Raw data: Begin
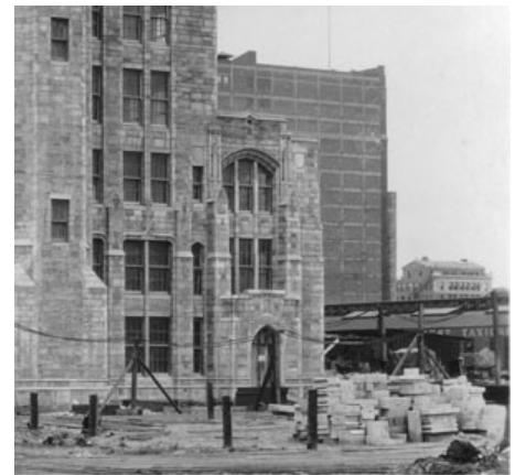
Ward Clinic Under construction, 1926
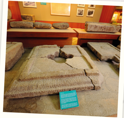
Bujang Valley Archaeological Gallery

Explore Sungai Batu, an archaeological site in northern Malaysia, and it holds the ruins of several Animism-Hindu-Buddhist temples. The site, which is located at Merbok in Kedah, is believed to have existed since 788 BC. It was once a thriving international entrepot, an iron smelting hub, as well as a religious centre. A lot of activities will be conducted such as Sungai Batu archaeological tour, visit to Bujang Valley Archaeological Gallery, archaeological excavation demonstration, and hands-on brick making and iron smelting demonstration before heading to Mount Jerai for dinner and check-in Hotel.
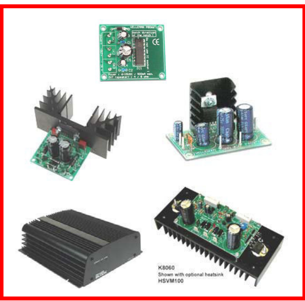
Power amplifiers E.g. K8066, K4001, K4003, K8081, K8060, ...
Raw data: End
• [Exercise directions]
Pictures are to be omitted. Output verbatim only the lines from the one holding "Explore Sungai Batu, an" through the end of the material, both included.

• [Answer box]
Explore Sungai Batu, an archaeological site in northern Malaysia, and it holds the ruins of several Animism-Hindu-Buddhist temples. The site, which is located at Merbok in Kedah, is believed to have existed since 788 BC. It was once a thriving international entrepot, an iron smelting hub, as well as a religious centre. A lot of activities will be conducted such as Sungai Batu archaeological tour, visit to Bujang Valley Archaeological Gallery, archaeological excavation demonstration, and hands-on brick making and iron smelting demonstration before heading to Mount Jerai for dinner and check-in Hotel.
Power amplifiers E.g. K8066, K4001, K4003, K8081, K8060, ...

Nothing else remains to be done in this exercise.